▸ **SOURCE DATA**:
━━━━━━━━
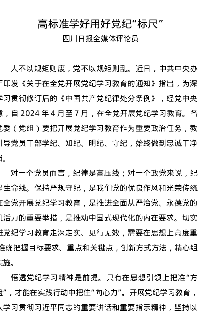 党纪学习教育∣06评论文章:高标准学好用好党纪“标尺”
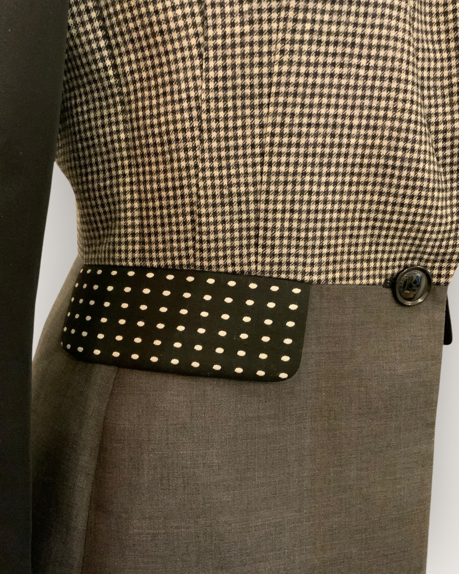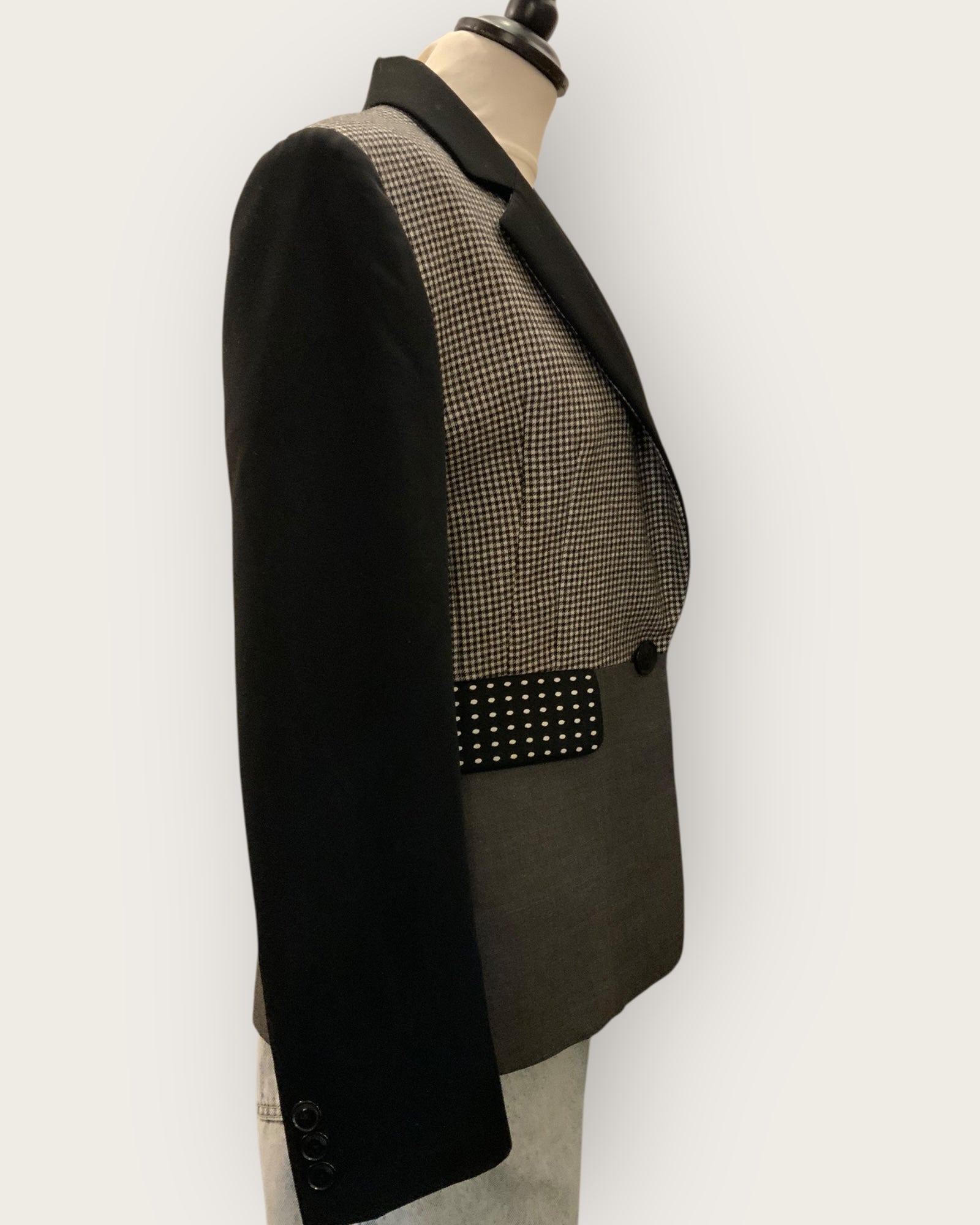 Effortlessly elevate your style with this Moschino grey/black blazer in size 10. Designed for both weekend drinks and the office, the versatile blazer can be paired with chilled jeans for a casual look or dressed up with black trousers for a sophisticated outfit. Upgrade your wardrobe with this must-have piece.
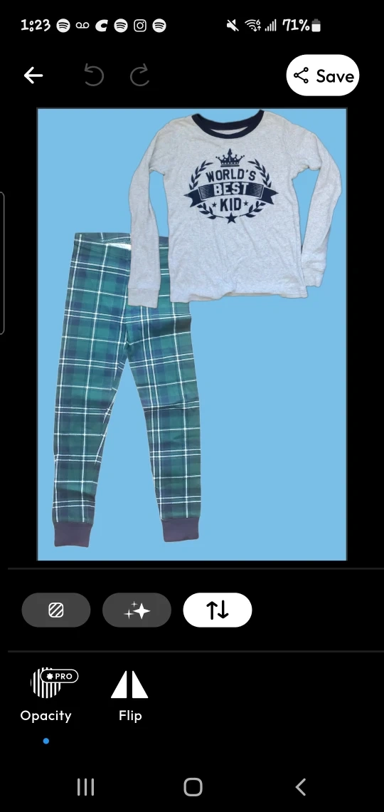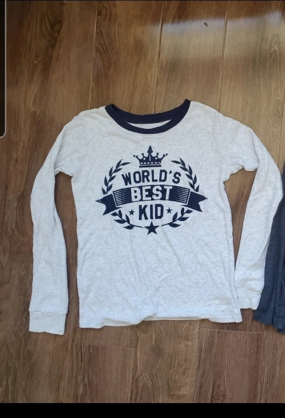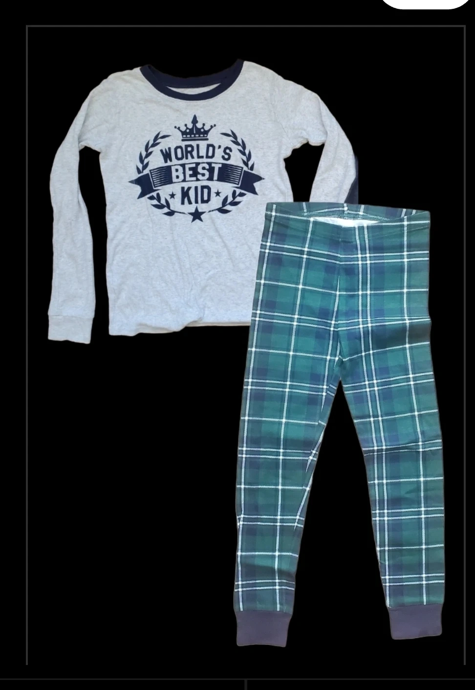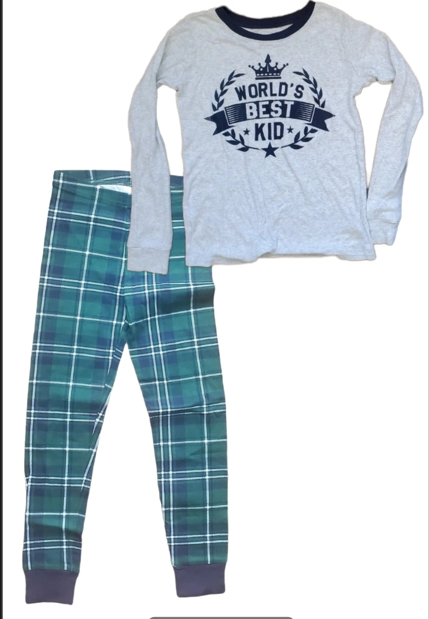 The set includes a long-sleeved top with a cute "World's Best Kid" design and plaid pants.
━━━━━━━━
Print the material above once more, exactly. No pictures belong in it.

▸ **RESULT OF THIS TASK**:
 党纪学习教育∣06评论文章:高标准学好用好党纪“标尺”
 Effortlessly elevate your style with this Moschino grey/black blazer in size 10. Designed for both weekend drinks and the office, the versatile blazer can be paired with chilled jeans for a casual look or dressed up with black trousers for a sophisticated outfit. Upgrade your wardrobe with this must-have piece.
 The set includes a long-sleeved top with a cute "World's Best Kid" design and plaid pants.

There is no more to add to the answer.